*** Available data ***

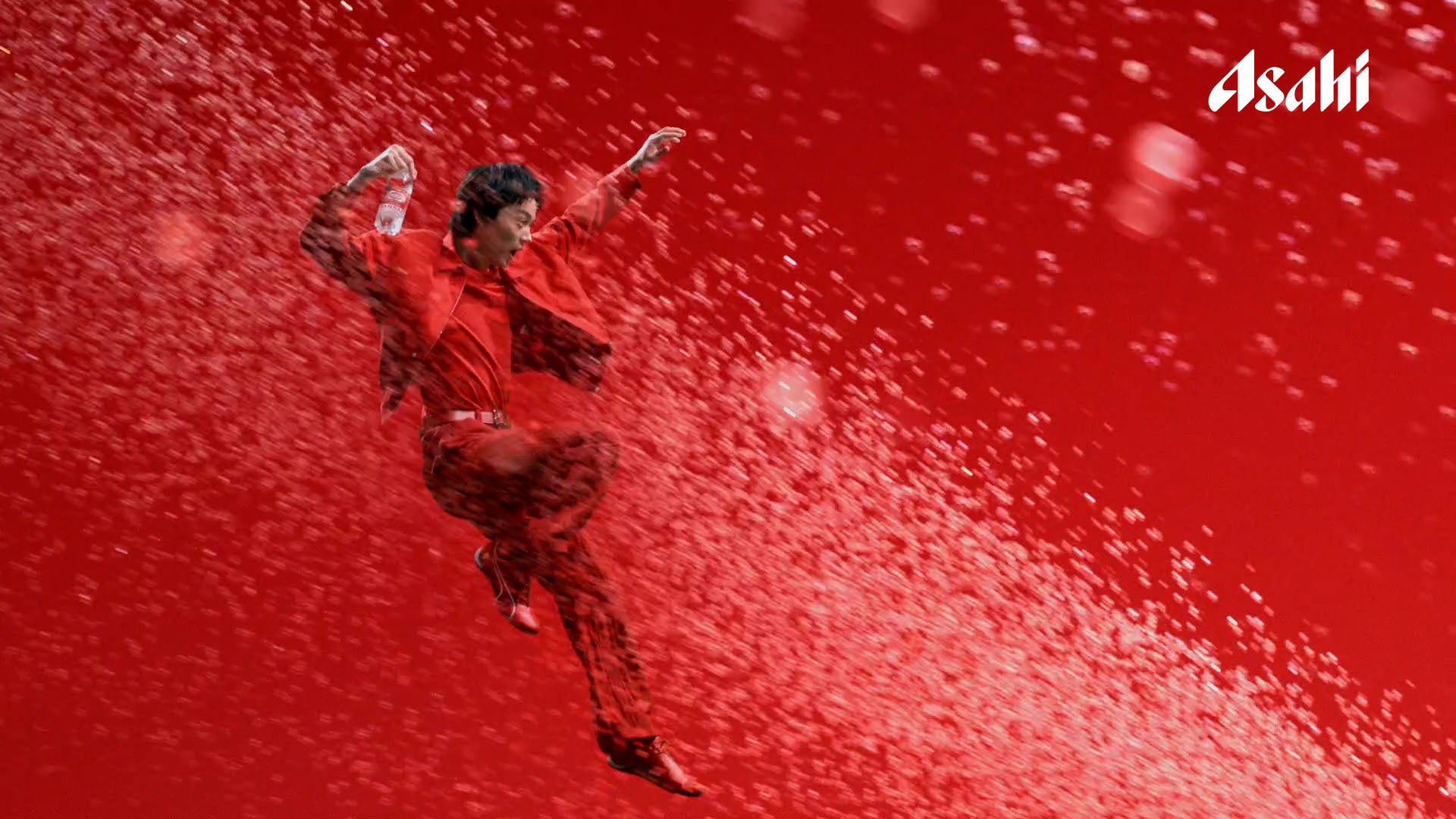 真っ白な空間に、全身を“白”の衣装に身を包んだ菅田さんが『ウィルキンソン タンサン』を持って登場します。菅田さんが『ウィルキンソン タンサン』を開けると大量の泡が噴き出し、真っ白な空間が『ウィルキンソン タンサン』のテーマカラーである“赤”へと一気に染まります。強炭酸の刺激に引き込まれるように、菅田さんがジャンプすると身体が泡に包まれ、“白”の衣装が一瞬で“赤”の衣装に変化します。「この先100年も、赤い刺激と生きていく」というナレーションとともに『ウィルキンソン タンサン』を飲む菅田さんの表情からは、ブレない強い意思が感じられ、『ウィルキンソン タンサン』の100年続くブレない刺激を表現しています。
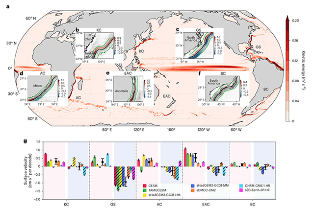 Subtropical WBCs are among the strongest ocean currents globally. They play a crucial role in the transport of oceanic mass and energy, and significantly influence coastal dynamics and ecosystems. Accurate assessment of changes in subtropical WBCs is therefore vital for global climate prediction and coastal environmental assessment. By analyzing data from high-resolution coupled atmosphere-ocean models, the team discovered that subtropical WBCs intensify significantly on their onshore side as global warming intensifies. The onshore acceleration ranges from 0.10 ± 0.08 to 0.51 ± 0.24 cm/s² per decade. Further study figured out a strong correlation between the onshore intensification of subtropical WBCs and changes in ocean stratification. By developing a dynamic model for the vertical scale of WBCs, the research revealed a dynamic link between the vertical scale of the WBC and ocean stratification. Their findings suggest that as ocean stratification intensifies, the vertical scale of subtropical WBCs will gradually decrease and shift upwards, resulting in an intensification of the current on its shoreward side.
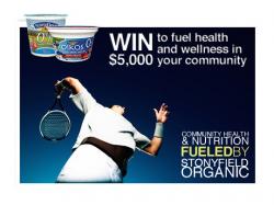As part of this year's USTA partnership, Stonyfield will award a total of $7,500 in grants across the country to help active individuals fuel health and wellness in their communities. Tennis players can come to FueledByStonyfield.com to apply for the grants by answering one simple request: "Share how tennis fuels you and what you would do to fuel others." The public will vote to determine 10 finalists. Judges at Stonyfield will then select three winners to receive a total of $7,500 in grants, as well as free yogurt. Winners will be selected in November.
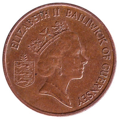 - Text: Bailiwick of Guernsey, Elizabeth II, One Pence
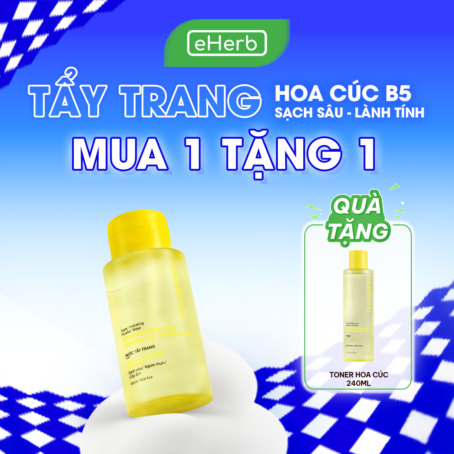 [MUA 1 TẶNG 1] Tẩy Trang Hoa Cúc MILAGANICS Hỗ Trợ Giảm Mụn, Tẩy Sạch Da Dầu và Cấp Ẩm Nhẹ Nhàng Size 300ml
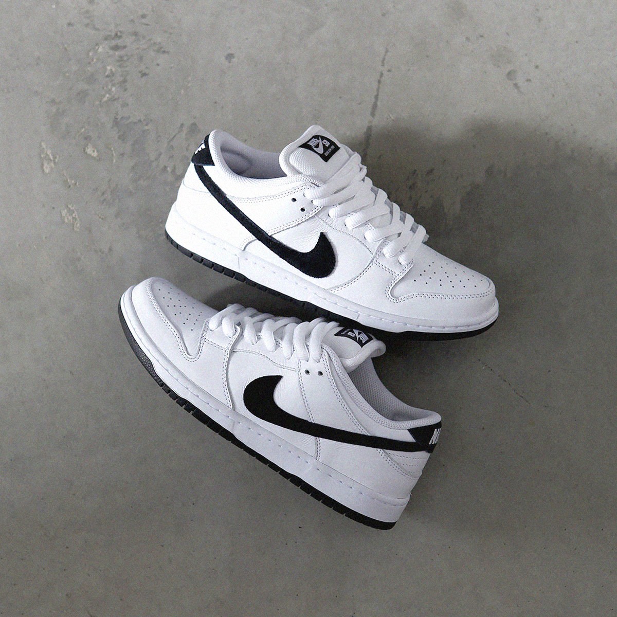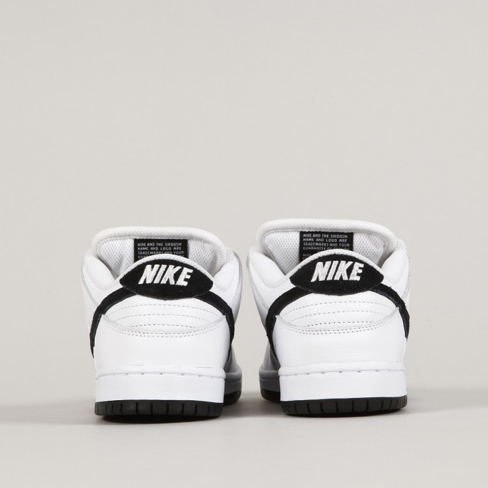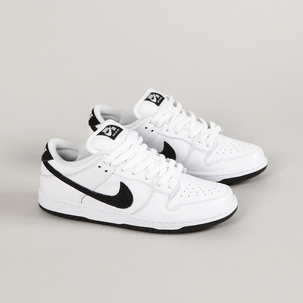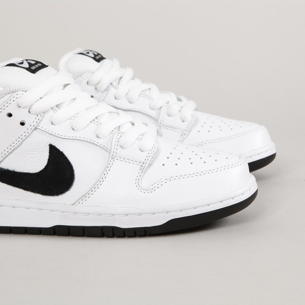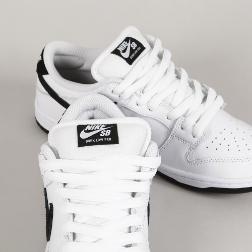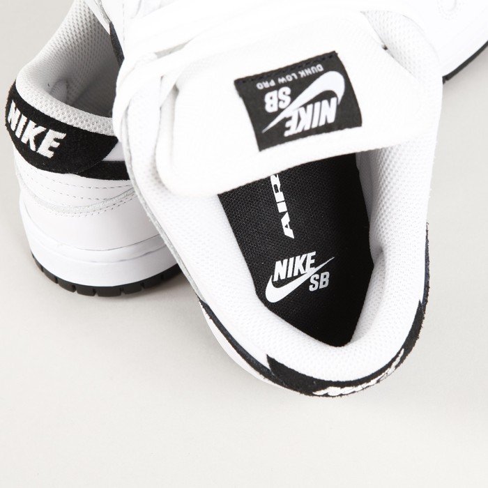Redesign of the Nike SB Dunk Low Pro shoe model in the White Black White Black colorway. The low version has an upper made of smooth leather with a perforated toe and a black suede swoosh. The lightweight cupsole sole also has a Zoom Air cushion for shock absorption and this time it has a Black/White colorway. A wedge on the tongue ensures a perfectly fitting cut, which guarantees excellent contact with the board and its control. Thick textile tongue with the Nike SB logo and a padded ankle collar for added comfort.

*** End of Available data ***

● Task objective: The result is an exact copy of the lines from the one holding "[MUA 1 TẶNG" through the final line of the data above, both ends included, minus the pictures.

● Final answer:
 [MUA 1 TẶNG 1] Tẩy Trang Hoa Cúc MILAGANICS Hỗ Trợ Giảm Mụn, Tẩy Sạch Da Dầu và Cấp Ẩm Nhẹ Nhàng Size 300ml
Redesign of the Nike SB Dunk Low Pro shoe model in the White Black White Black colorway. The low version has an upper made of smooth leather with a perforated toe and a black suede swoosh. The lightweight cupsole sole also has a Zoom Air cushion for shock absorption and this time it has a Black/White colorway. A wedge on the tongue ensures a perfectly fitting cut, which guarantees excellent contact with the board and its control. Thick textile tongue with the Nike SB logo and a padded ankle collar for added comfort.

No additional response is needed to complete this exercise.